§ The data:
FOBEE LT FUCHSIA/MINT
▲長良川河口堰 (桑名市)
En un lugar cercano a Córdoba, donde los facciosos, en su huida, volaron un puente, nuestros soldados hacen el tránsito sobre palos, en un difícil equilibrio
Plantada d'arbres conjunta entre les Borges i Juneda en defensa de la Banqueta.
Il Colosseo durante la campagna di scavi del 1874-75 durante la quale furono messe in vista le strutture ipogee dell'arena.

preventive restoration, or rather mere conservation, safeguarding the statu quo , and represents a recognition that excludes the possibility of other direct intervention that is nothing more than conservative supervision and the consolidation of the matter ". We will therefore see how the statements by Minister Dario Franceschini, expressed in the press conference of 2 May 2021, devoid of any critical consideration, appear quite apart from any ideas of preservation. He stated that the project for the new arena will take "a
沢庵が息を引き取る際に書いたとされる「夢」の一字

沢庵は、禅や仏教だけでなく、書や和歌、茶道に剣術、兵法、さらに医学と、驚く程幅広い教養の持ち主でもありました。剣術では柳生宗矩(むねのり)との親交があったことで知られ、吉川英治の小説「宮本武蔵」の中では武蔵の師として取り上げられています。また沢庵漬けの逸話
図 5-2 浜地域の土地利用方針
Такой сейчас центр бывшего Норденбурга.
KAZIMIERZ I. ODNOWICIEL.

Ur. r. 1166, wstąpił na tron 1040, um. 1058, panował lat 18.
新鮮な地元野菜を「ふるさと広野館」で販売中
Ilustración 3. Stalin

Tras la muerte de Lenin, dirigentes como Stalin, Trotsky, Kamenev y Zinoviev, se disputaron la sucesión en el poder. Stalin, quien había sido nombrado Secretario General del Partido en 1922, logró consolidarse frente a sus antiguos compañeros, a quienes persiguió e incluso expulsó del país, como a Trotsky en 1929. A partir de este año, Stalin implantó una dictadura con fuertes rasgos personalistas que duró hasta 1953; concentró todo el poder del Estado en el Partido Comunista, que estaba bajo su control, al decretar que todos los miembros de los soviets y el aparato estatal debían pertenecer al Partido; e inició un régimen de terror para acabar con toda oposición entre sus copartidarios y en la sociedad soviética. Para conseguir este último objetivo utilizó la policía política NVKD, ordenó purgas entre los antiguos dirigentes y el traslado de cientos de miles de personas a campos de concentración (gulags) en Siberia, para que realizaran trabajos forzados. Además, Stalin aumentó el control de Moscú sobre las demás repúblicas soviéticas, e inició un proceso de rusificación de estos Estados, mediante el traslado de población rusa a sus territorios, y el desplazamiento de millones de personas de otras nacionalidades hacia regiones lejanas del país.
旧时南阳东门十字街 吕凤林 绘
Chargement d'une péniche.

* * *

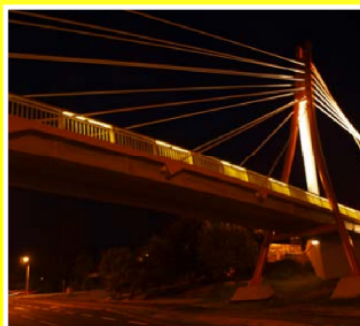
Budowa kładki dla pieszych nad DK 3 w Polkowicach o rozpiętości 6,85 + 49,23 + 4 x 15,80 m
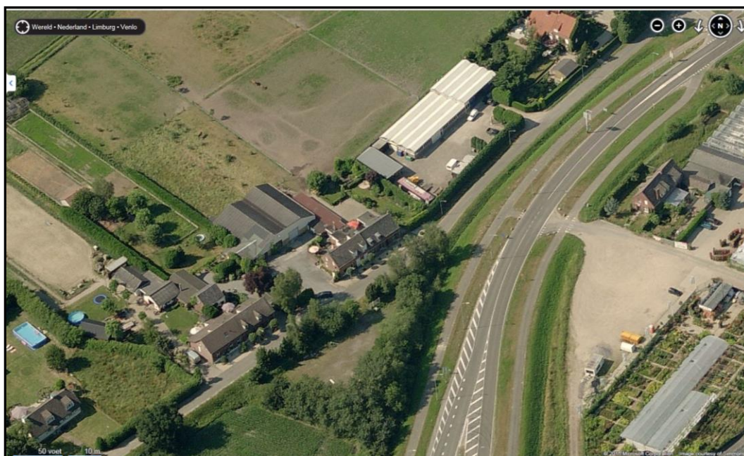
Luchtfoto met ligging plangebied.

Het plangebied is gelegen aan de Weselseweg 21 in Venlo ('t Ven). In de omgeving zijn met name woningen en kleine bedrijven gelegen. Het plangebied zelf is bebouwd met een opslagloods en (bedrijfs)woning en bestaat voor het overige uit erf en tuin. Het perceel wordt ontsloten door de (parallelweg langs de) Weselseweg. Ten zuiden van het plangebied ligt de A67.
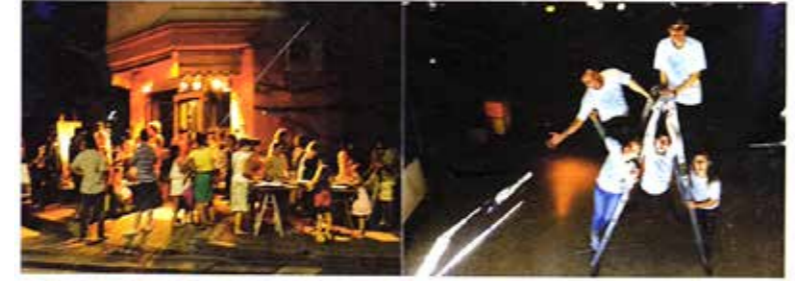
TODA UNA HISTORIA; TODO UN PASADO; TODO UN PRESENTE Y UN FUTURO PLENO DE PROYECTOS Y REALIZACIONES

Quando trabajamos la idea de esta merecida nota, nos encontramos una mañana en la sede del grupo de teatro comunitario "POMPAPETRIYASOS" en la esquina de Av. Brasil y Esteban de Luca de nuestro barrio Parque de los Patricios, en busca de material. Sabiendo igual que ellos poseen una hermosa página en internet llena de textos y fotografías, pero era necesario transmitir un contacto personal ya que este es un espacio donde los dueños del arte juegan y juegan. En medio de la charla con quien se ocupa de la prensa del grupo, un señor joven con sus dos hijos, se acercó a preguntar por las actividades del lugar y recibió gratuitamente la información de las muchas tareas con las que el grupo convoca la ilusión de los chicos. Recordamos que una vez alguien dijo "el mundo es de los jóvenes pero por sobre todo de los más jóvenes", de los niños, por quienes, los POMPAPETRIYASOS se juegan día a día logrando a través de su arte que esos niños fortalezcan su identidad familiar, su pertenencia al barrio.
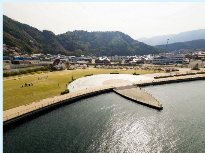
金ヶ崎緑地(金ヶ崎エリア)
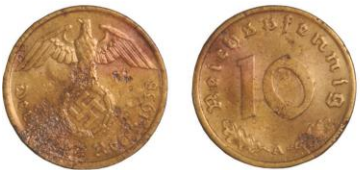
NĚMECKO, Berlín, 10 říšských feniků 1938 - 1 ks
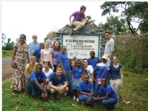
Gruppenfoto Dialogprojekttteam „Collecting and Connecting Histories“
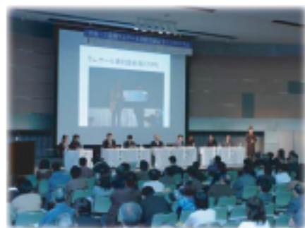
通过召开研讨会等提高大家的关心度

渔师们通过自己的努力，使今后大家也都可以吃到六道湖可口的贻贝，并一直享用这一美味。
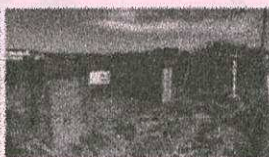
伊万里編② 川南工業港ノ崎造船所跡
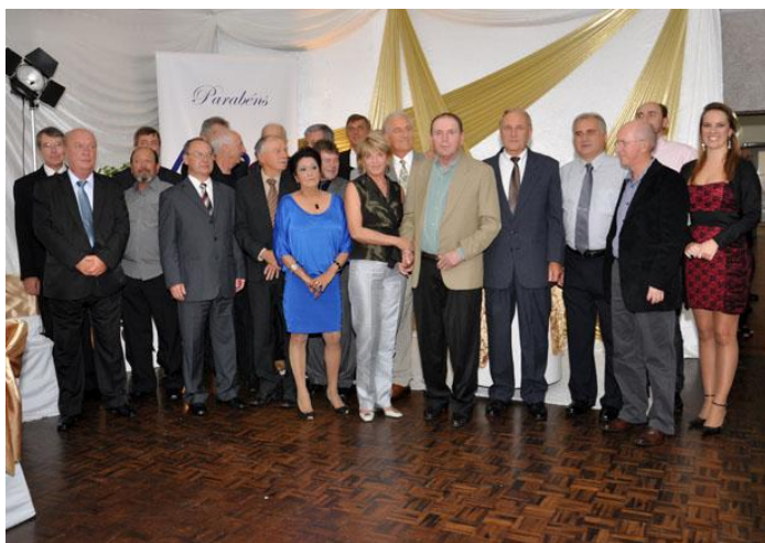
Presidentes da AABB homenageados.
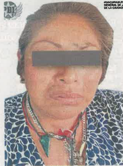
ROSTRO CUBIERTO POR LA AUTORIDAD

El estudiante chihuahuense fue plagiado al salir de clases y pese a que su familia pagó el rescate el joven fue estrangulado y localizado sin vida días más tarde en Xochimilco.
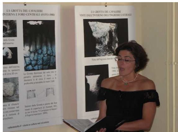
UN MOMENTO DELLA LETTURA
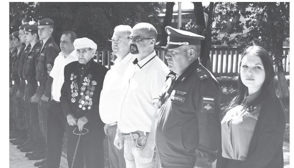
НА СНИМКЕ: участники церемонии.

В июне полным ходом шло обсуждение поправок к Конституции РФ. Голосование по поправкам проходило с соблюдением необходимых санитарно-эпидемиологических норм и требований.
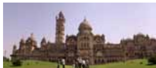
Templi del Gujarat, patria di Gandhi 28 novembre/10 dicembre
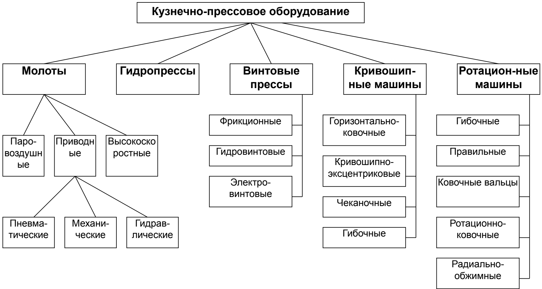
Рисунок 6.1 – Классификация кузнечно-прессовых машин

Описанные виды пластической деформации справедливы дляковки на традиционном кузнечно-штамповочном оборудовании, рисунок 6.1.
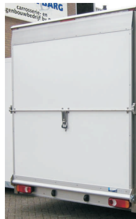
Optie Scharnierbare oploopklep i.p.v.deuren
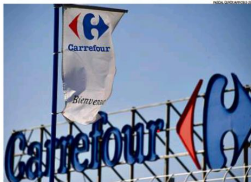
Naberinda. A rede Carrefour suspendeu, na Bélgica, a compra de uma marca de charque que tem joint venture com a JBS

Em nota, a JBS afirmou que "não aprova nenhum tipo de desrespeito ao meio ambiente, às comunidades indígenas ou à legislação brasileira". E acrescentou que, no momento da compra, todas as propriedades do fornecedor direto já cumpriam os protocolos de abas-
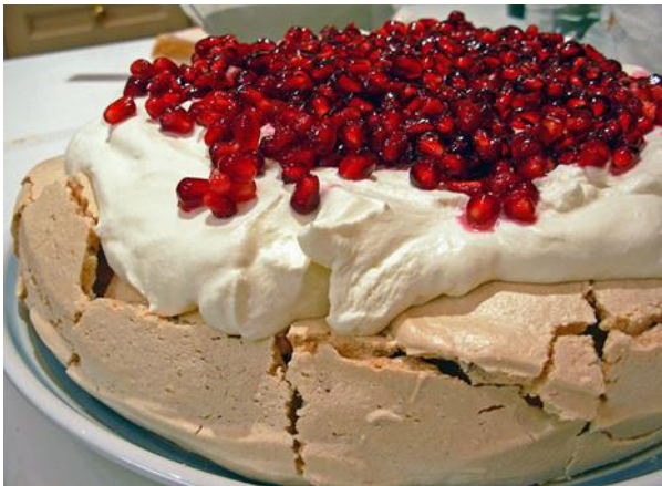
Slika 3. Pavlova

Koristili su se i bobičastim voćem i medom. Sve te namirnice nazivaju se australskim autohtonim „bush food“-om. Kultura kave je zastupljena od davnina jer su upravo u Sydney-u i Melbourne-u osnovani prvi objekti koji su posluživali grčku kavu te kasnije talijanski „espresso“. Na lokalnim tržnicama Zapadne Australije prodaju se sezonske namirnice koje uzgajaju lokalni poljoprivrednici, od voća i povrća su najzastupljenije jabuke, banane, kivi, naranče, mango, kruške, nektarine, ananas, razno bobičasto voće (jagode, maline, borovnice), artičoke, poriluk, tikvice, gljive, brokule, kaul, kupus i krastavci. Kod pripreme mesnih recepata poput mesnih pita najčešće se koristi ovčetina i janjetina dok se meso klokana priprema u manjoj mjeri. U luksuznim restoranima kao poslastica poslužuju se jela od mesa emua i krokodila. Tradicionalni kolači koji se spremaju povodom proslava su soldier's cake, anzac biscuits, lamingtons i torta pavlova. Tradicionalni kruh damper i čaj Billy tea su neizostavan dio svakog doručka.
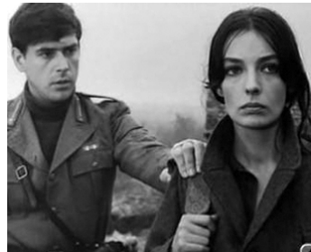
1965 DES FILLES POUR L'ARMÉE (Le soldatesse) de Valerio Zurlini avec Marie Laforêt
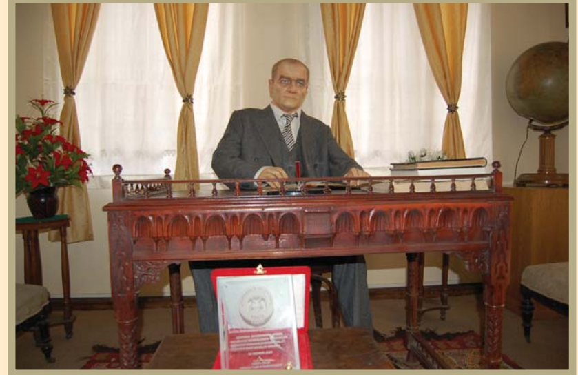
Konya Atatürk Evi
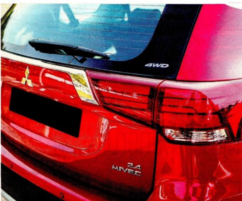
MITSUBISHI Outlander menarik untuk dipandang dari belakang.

§ What is required: All lines above from the one containing "FOBEE LT FUCHSIA/MINT" to the one containing "Il Colosseo durante" must be repeated exactly, both lines included, and no others.

§ Reply to the exercise:
FOBEE LT FUCHSIA/MINT
▲長良川河口堰 (桑名市)
En un lugar cercano a Córdoba, donde los facciosos, en su huida, volaron un puente, nuestros soldados hacen el tránsito sobre palos, en un difícil equilibrio
Plantada d'arbres conjunta entre les Borges i Juneda en defensa de la Banqueta.
Il Colosseo durante la campagna di scavi del 1874-75 durante la quale furono messe in vista le strutture ipogee dell'arena.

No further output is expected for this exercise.